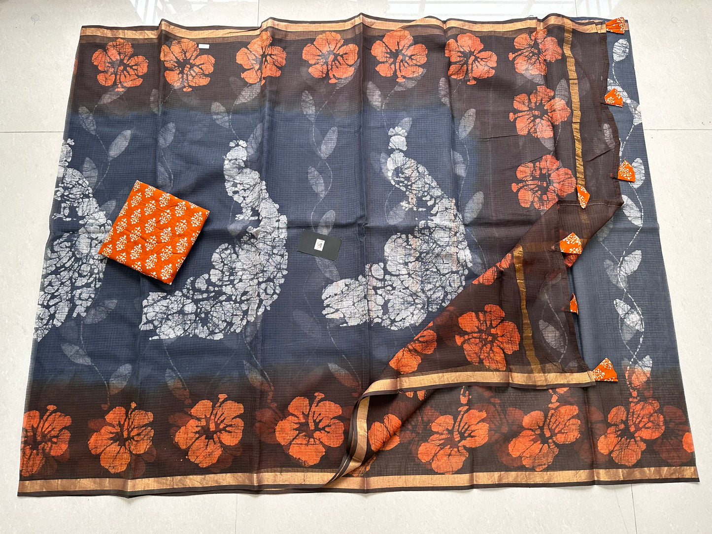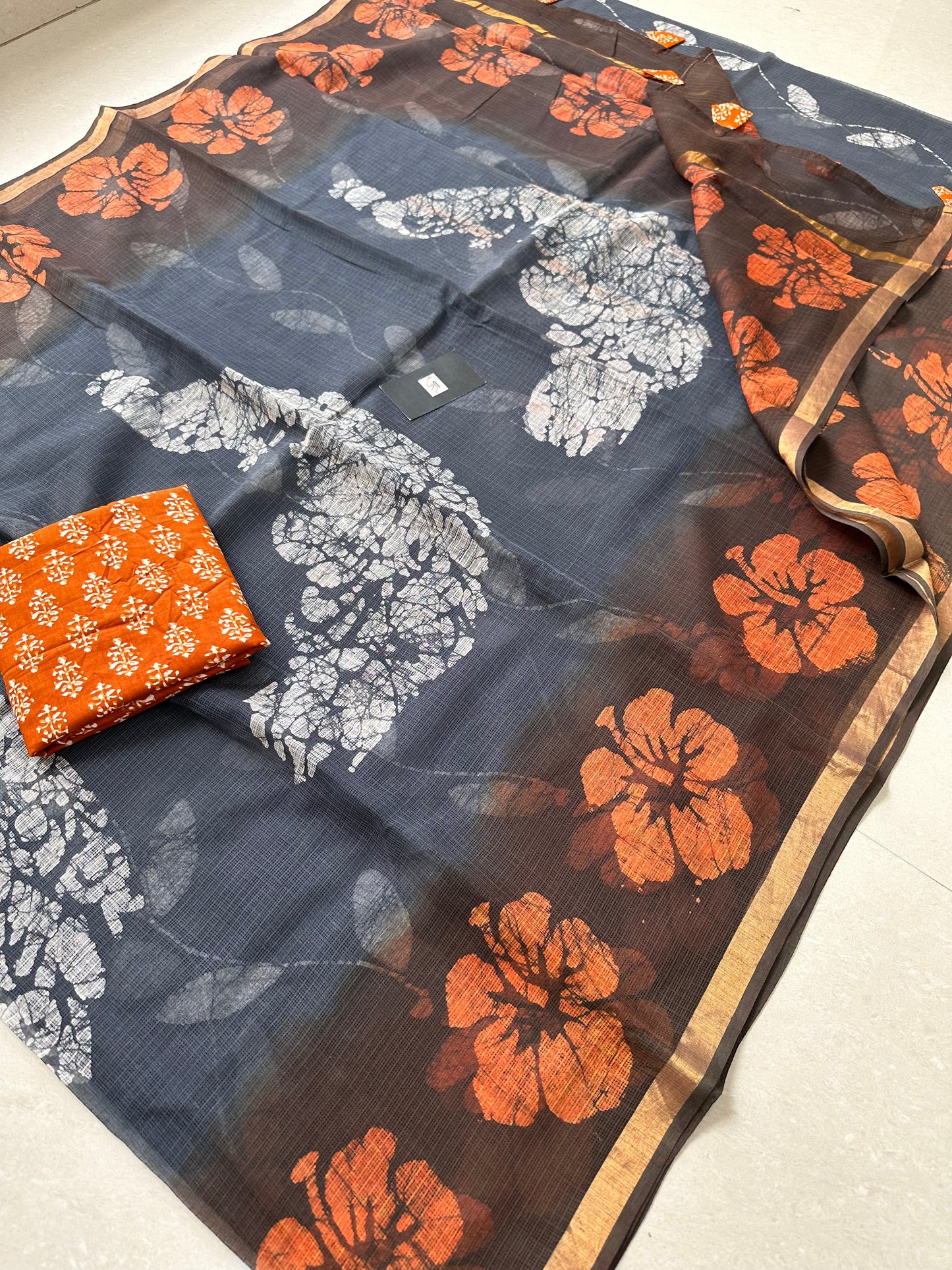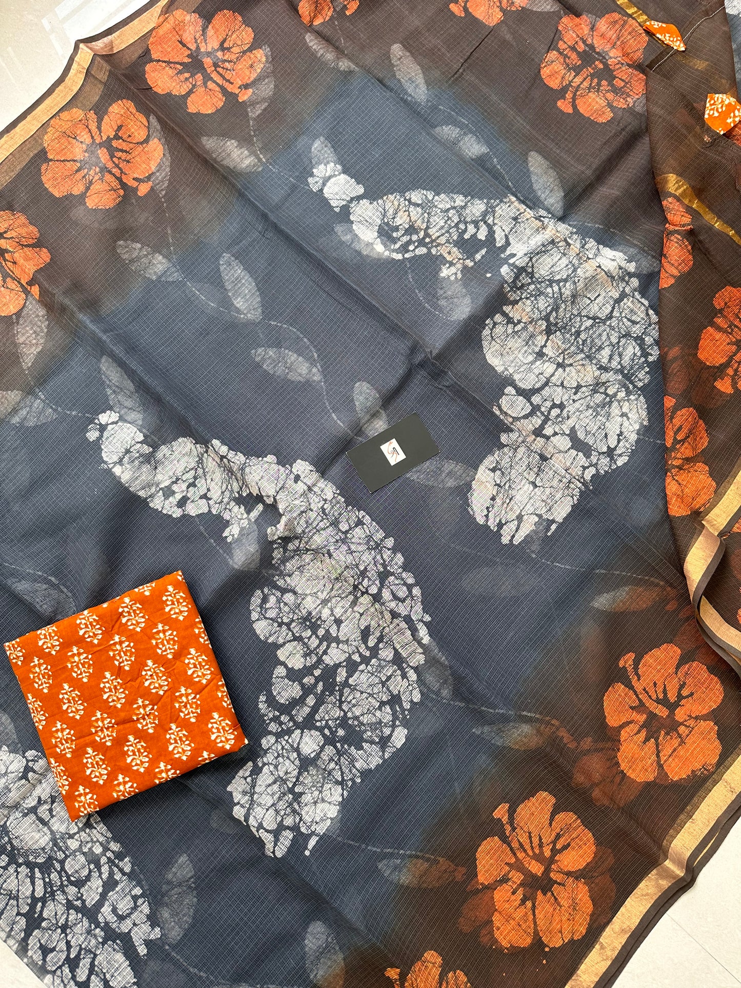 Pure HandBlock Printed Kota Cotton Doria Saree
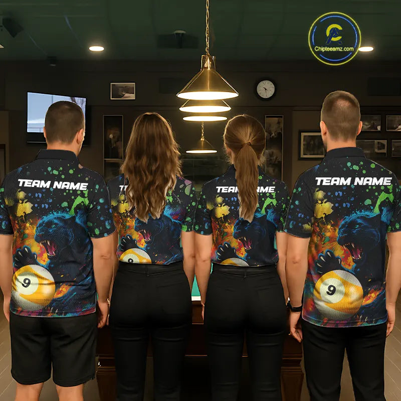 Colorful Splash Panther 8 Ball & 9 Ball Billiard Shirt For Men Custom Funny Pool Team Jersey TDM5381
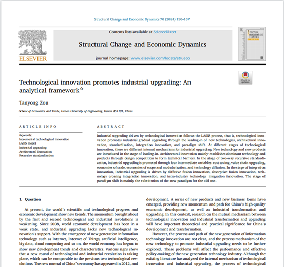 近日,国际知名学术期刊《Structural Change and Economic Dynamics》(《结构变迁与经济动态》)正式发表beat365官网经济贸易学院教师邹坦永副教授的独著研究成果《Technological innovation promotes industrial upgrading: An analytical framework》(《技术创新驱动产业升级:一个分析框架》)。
- - - -
### WHAT THE TASK ASKS
Line by line, return the listing above exactly, leaving out its pictures.

### SOLUTION FOR THIS PROBLEM
 Pure HandBlock Printed Kota Cotton Doria Saree
 Colorful Splash Panther 8 Ball & 9 Ball Billiard Shirt For Men Custom Funny Pool Team Jersey TDM5381
 近日,国际知名学术期刊《Structural Change and Economic Dynamics》(《结构变迁与经济动态》)正式发表beat365官网经济贸易学院教师邹坦永副教授的独著研究成果《Technological innovation promotes industrial upgrading: An analytical framework》(《技术创新驱动产业升级:一个分析框架》)。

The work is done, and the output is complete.